Los estímulos agradables, placenteros y felices que la vida nos brinda se convierten en potentes inmunoestimuladores y mejoran el estado de ánimo. A nuestro sistema inmunitario le gusta que lo cuiden y hasta que lo mimen y, por supuesto, que evitemos aquellas cosas que no le sientan bien, y muy especialmente las más venenosas, como los pensamientos de rabia, ira, pesimismo o desilusión. 

Cuando sufrimos estrés, el cerebro y los órganos periféricos segregan hormonas que se fijan a los receptores de las células de distintos órganos del cuerpo, del cabello, la piel, los intestinos… 

El estrés prenatal disminuye el peso fetal y se asocia a un parto prematuro y bajo peso al nacer.
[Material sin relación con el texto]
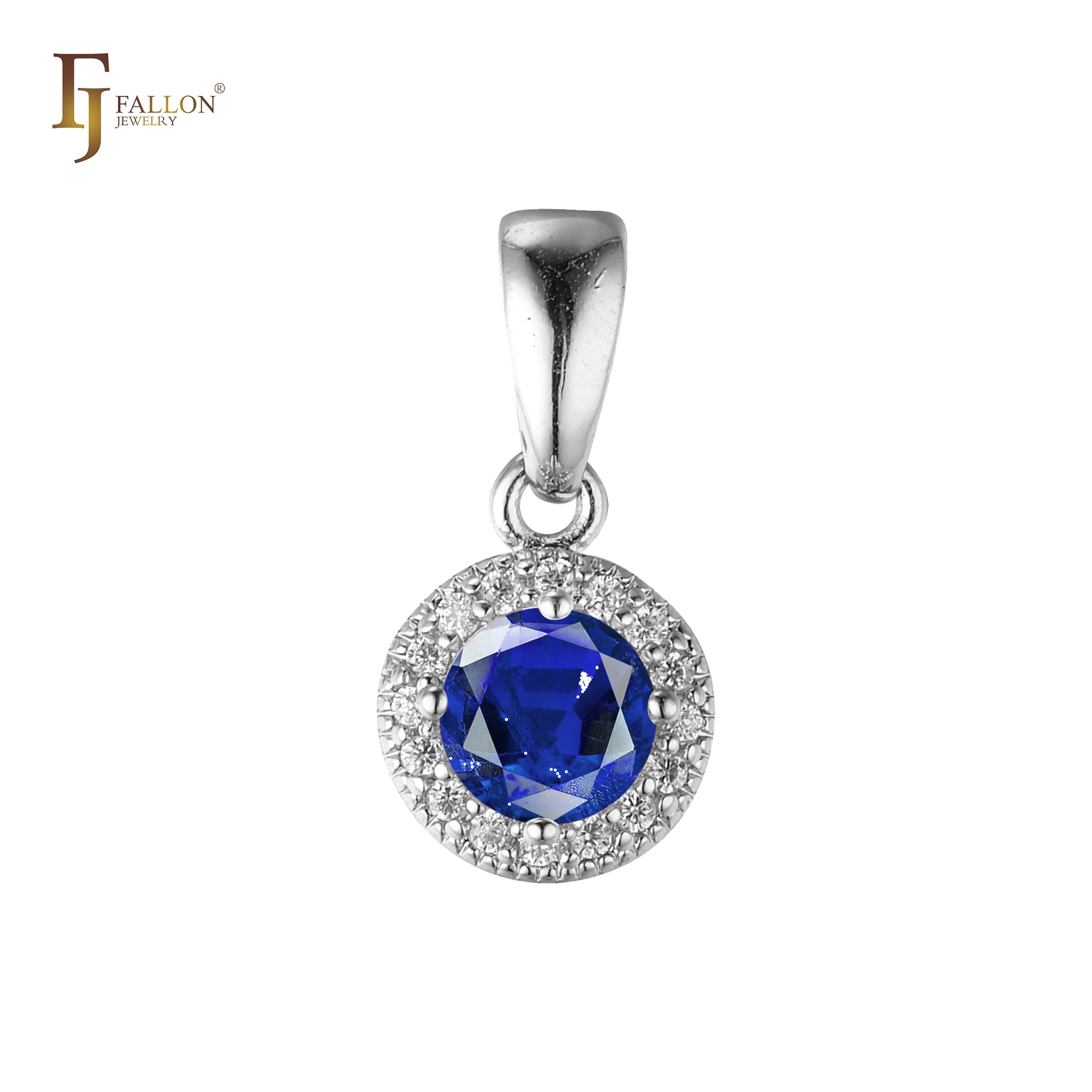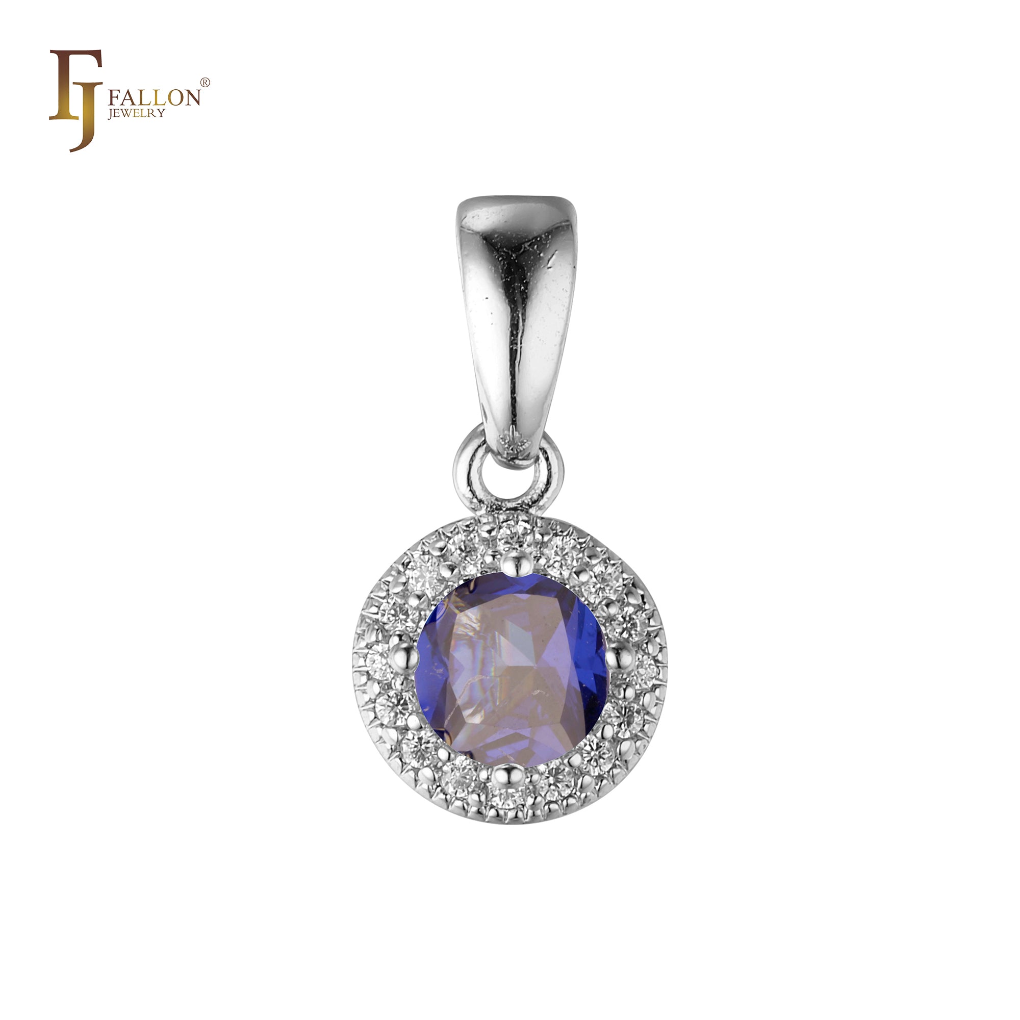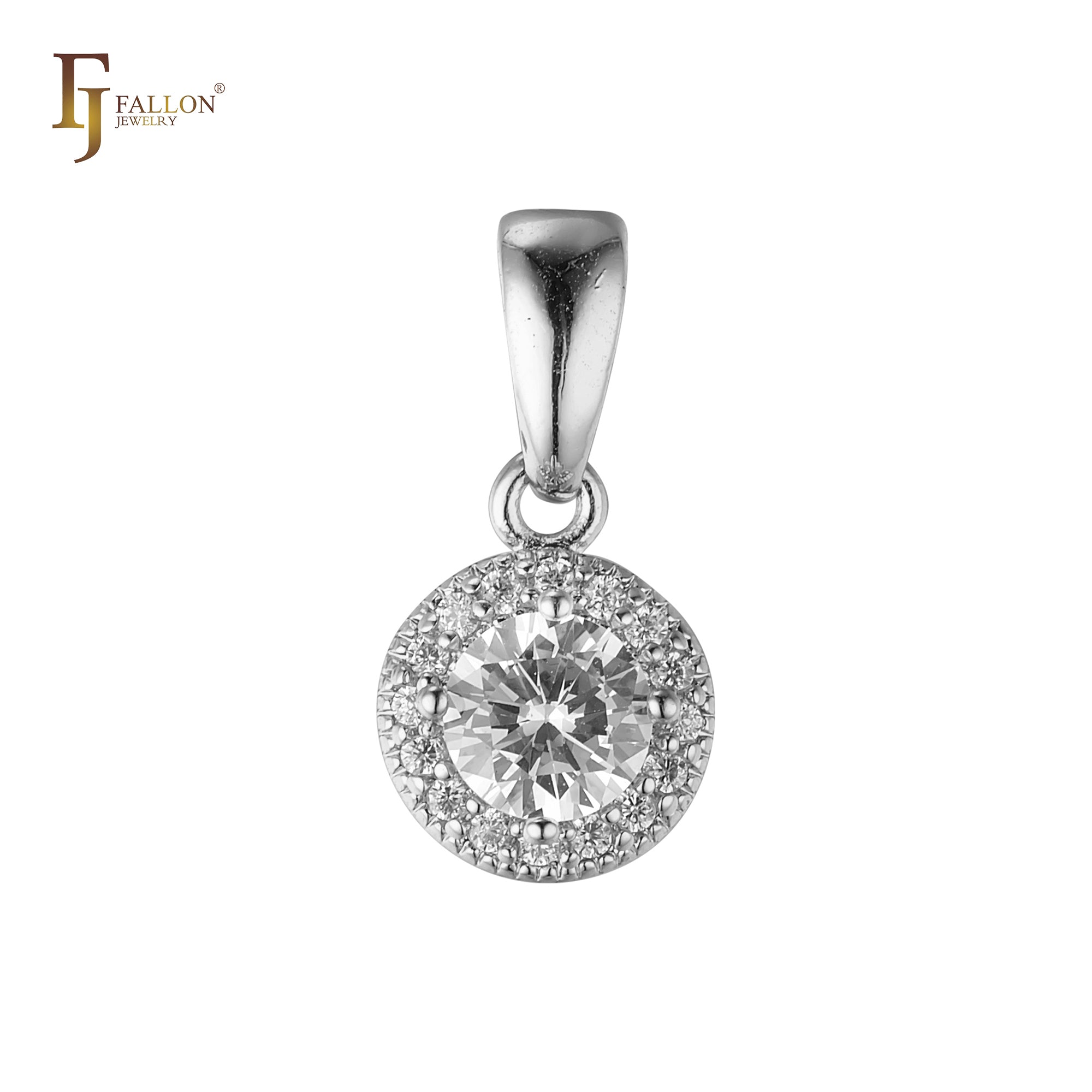 Solitaire halo colorful CZs 14K Gold, Rose Gold pendant
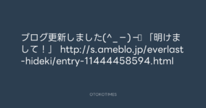 青山英樹 @aoyama_hideki – 1:06・2013年1月8日 2013 1/08 青山英樹 2013-01-08 ブログ更新しました(^_−)−☆ 「明けまして!」 http://s.ameblo.jp/everlast-hideki/entry-11444458594.html Source:https://x.com/aoyama_hideki/status/288315770713... text X Post 青山英樹 青山英樹 この記事が気に入ったら フォローしてね! Follow @OtokoTimes1988 よかったらシェアしてね! URLをコピーしました! Koyo Maeda @koyomaeda - 19:45・2013年1月7日 Koyo Maeda @koyomaeda - 14:17・2013年1月8日 関連記事 Artist 青山英樹 1986.08.29

Y el estrés afecta igualmente al sistema inmunitario a lo largo de todas las etapas de la vida.

En la adolescencia disminuye la respuesta vacunal. Y en el adulto aumentan los niveles de cortisol (hormona que se libera en casos de estrés).

En el anciano, el estrés está relacionado con alteraciones endocrinas, cognitivas y autoinmunes que se asocian a cambios inmunológicos y respuestas inflamatorias vinculadas con el incremento de infecciones, tumores y enfermedades autoinmunes, cardiovasculares y metabólicas.

A partir de  los 50 años el timo pierde su habilidad para producir células T, y superados los 60 años es incapaz de hacerlo. Sin embargo, hay ancianos sanos. Su secreto suele ser que disfrutan de buen apoyo social, algo que, en nuestra sociedad, normalmente disminuye con la edad. Es la soledad la que disminuye la función inmunitaria que acarrea los problemas mencionados.